The following SSRI medications may be used in the following ways:
- Fluoxetine for OCD, depression, panic, social anxiety, PTSD, generalized anxiety
- Fluvoxamine for OCD, social anxiety, panic, PTSD, and generalized anxiety
- Sertraline for OCD, social anxiety, panic, PTSD, and generalized anxiety
- Paroxetine for OCD, social anxiety, panic, PTSD, and generalized anxiety
- Escitalopram oxalate for OCD, social anxiety, panic, PTSD, and generalized anxiety
- Citalopram for OCD, panic, PTSD, generalized anxiety
SSRIs: Side effects and risks
These medications can cause:
- Nausea and other stomach complaints
- Feelings of restlessness
- Visual disturbances
- A dry mouth
- Loss of appetite
- Difficulty sleeping
- Sexual dysfunction
- Feeling agitated or anxious
SSRIs can also cause withdrawal reactions such as anxiety, stomach issues, fatigue, feeling wobbly/unstable, headaches, nausea and vomiting, tremors, paresthesia (burning or prickling in the limbs) and visual disturbances, can occur if the medication is stopped abruptly.
SSRIs are reported to take longer to work in cases of obsessive compulsive disorder, compared with other anxiety disorders. Those suffering from panic disorder and post traumatic stress disorder are often reported to be more sensitive to the effects of SSRIs and so lower doses are needed initially to enable people to adjust.

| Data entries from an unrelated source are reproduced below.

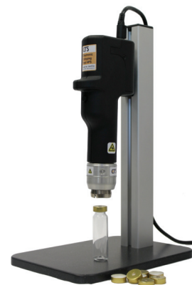
Base with Mounting Kit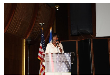
2013 Miss Israel, Titi Ayenew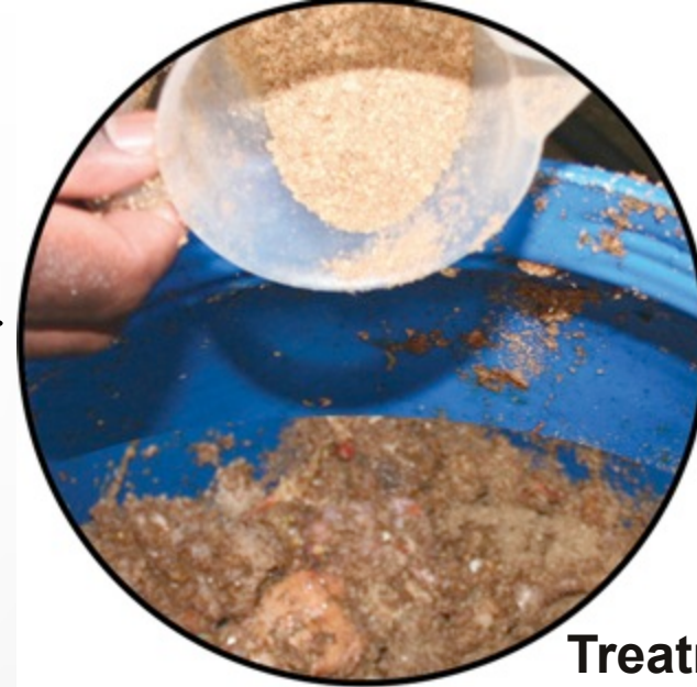
Treatment of food waste with bokashi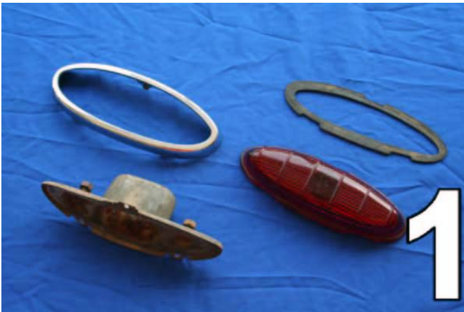
Remove and disassemble taillight.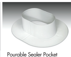
Pourable Sealer Pocket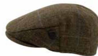
HAT-731 Brown Box Check 100% Wool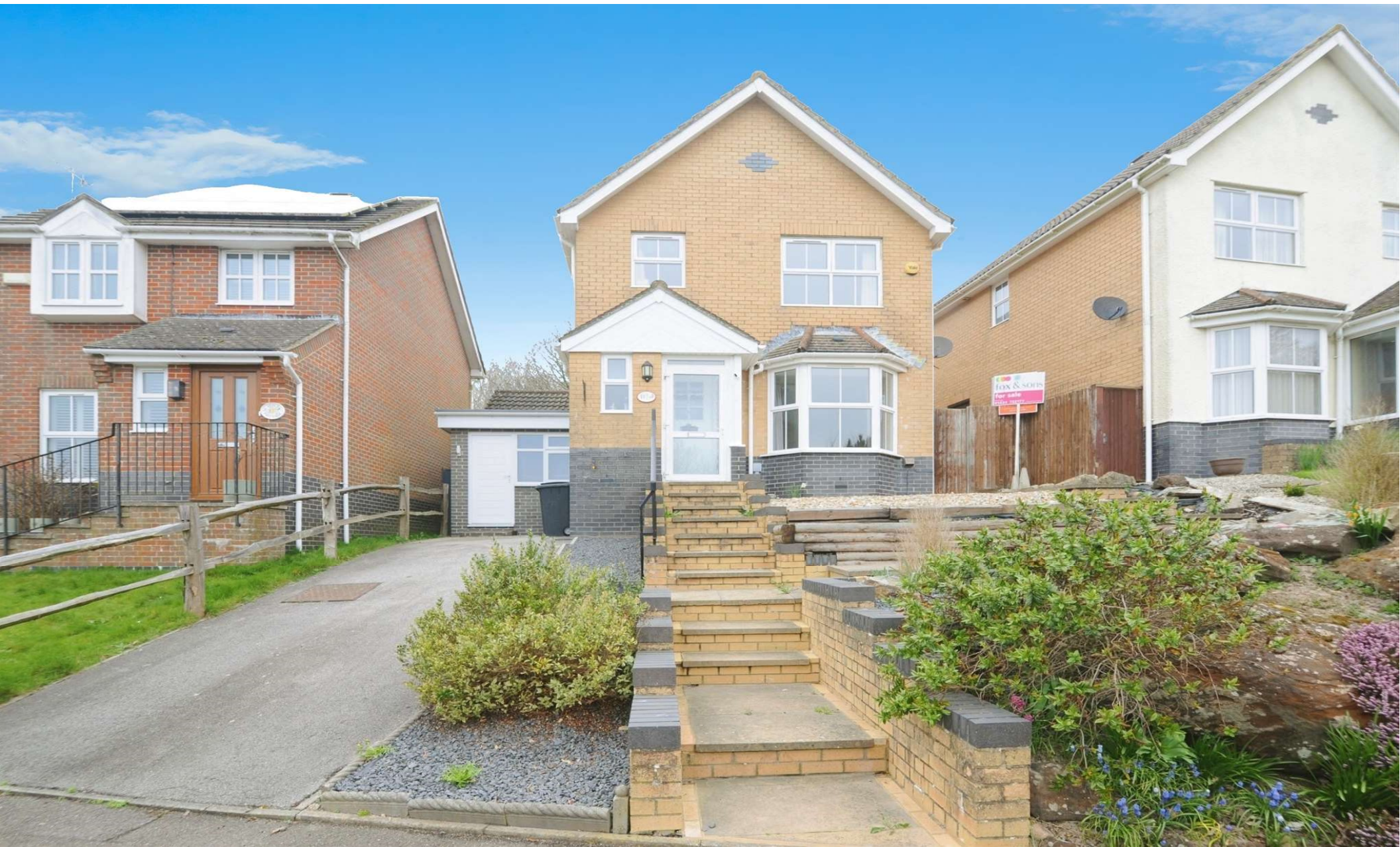
Highwater View, St. Leonards-On-Sea TN38 8EL

Studies report that SSRIs decrease the frequency of panic attacks and in some cases completely eliminates them, they can lessen anticipatory anxiety, and even reduce phobic symptoms. In post traumatic stress disorder, some symptoms are reported to be more responsive to SSRI therapy than psychological approaches involving re-experiencing of the trauma. Generalized anxiety disorder and social anxiety disorder are also reported to receive a clear benefits from SSRIs — compared to benzodiazepines which reduce physical symptoms, antidepressants are reported to be more effective for psychic symptoms, such as worries.
However as stated earlier, research is inconsistent. A recent study analyzed all clinical trials looking at the benefit of the SSRI paroxetine in comparison to placebos for treating generalized anxiety disorder or panic disorder and found that they had little benefit over placebo. The individuals given placebos experienced a similar benefit that was nearly 80 percent as effective and so much of their effect is not likely to be due to the drug's specific ingredients.
A recent study found that pharmaceutical companies were not being transparent regarding all of the results of drug trials. When documents from 70 different double-blind, placebo-controlled trials of selective serotonin reuptake inhibitors (SSRI) (and serotonin and norepinephrine reuptake inhibitors (SNRI)) were examined, it was found that the extent of serious harm in clinical study reports largely went unreported. For example, the reports showed that the risk of suicide and violence were four to five times more common, as was the risk of experiencing a psychotic event. Yet this is not declared as a risk for most people when being prescribed antidepressants.